Futuro Antico. Intervista a Francesco Vezzoli

I contenuti dedicati al futuro curati per Artribune da Spazio Taverna cede la parola a Francesco Vezzoli, che commenta il domani a partire da un presente incerto

Dal genius loci alla cancel culture passando per un sistema dell’arte che è tornato a essere “rinascimentale”: intervista a tutto tondo a Francesco Vezzoli (Brescia, 1971).

Francesco Vezzoli

Francesco Vezzoli

Quali sono i tuoi riferimenti ispirazionali nell’arte?
Diciamo che non farei dei nomi, nel senso che fare dei nomi è una modalità che non mi viene, non direi mai Picasso, Jeff Koons… Quello che ho scoperto lavorando è che in me c’è un desiderio politico e sociale.
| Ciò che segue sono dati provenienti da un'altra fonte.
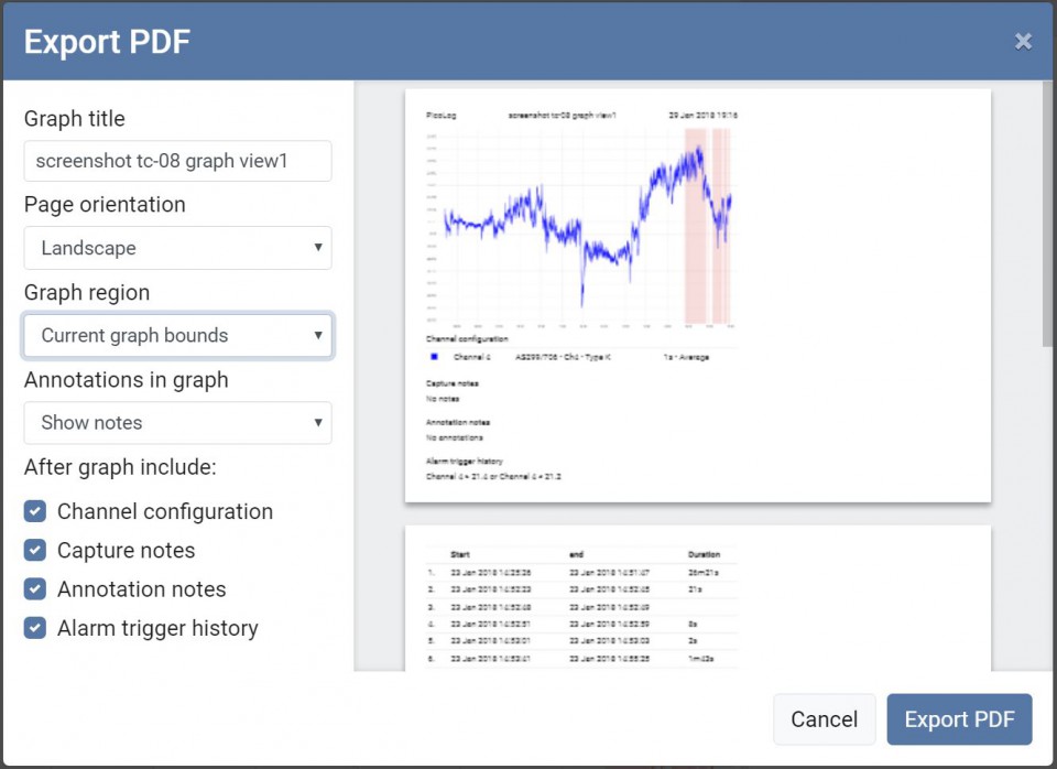 想要導(dǎo)出屏幕截圖?PicoLog 6包含一個(gè)將圖形導(dǎo)出為PDF的功能:再次選擇整個(gè)捕獲或感興趣的縮放區(qū)域。導(dǎo)出為PDF格式還包括用于包含警報(bào)觸發(fā)歷史記錄,注釋,通道配置和捕獲注釋的選項(xiàng),以獲取完整的捕獲報(bào)告。
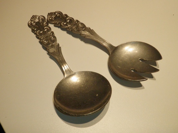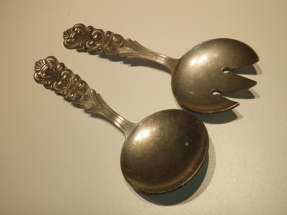 Morsomt salatbestikk i tinn

Ho scoperto che a questo punto del mio lavoro mi interessa un tipo di arte diverso da quello che si trova nelle fiere, piuttosto mi interessa prendere una macchina, andare a Sciacca, fermare la gente e fargli vedere delle foto di una performance che c’è adesso a The Kitchen e chiedergli cosa ne pensano.
Non saprei fare dei nomi perché per me è sempre una questione di confronto, di dialettica, di studio, una specie di maieutica dove non c’è un seduttore o un sedotto ma semplicemente il desiderio di comprendere meglio se stessi e gli altri, le loro reazioni, le loro opinioni. Esiste una pagina Instagram che si chiama I Dati Sono Belli che, con dei numeri basici, ti racconta informazioni basate su realtà fattuali dei comportamenti delle persone e delle loro scelte. Ecco I Dati sono Belli, oggi, è il mio riferimento artistico di oggi.

Qual è il progetto che ti rappresenta di più? Puoi raccontarci la sua genesi?
A seconda del tipo di vita che facevo, ci sono state delle opere che mi hanno rappresentato di più. Quando vivevo in America, sicuramente Caligola, perché ha riunito tutta questa ipocrisia ed egofollia dell’identità hollywoodiana. Questa follia ovviamente era vista attraverso la mia lente che era la lente di un pastiche ready made: il film di Caligola. Tutto il processo di fare il mio Caligola è stata un’opera d’arte, ad esempio i litigi con l’avvocato di Benicio del Toro che mi urlava al telefono che mi voleva far arrestare perché avevo portato l’opera alla Biennale di Venezia d’arte e lui, conoscendo solamente il festival del cinema di Venezia, non capiva bene dove l’opera fosse installata (a mio avviso ovviamente è più prestigioso essere esposto in un padiglione artistico per 4 mesi piuttosto che fare uno screening cinematografico di 5 minuti).
Per la fase europea direi il progetto 24h MUSEUM, che è stato fatto con la Fondazione Prada e che aveva un impatto sociale molto forte. Un museo che durava 24 ore dentro il Palazzo del Consiglio Economico e Sociale della Comunità Europea all’interno del quale avevamo creato una gabbia con delle sculture e una discoteca in cui Kate Moss suonava… Obrist lo avrebbe definito la discoteca come scultura sociale. Io non so dare tutto questo peso a quello che faccio ma lo faccio e basta.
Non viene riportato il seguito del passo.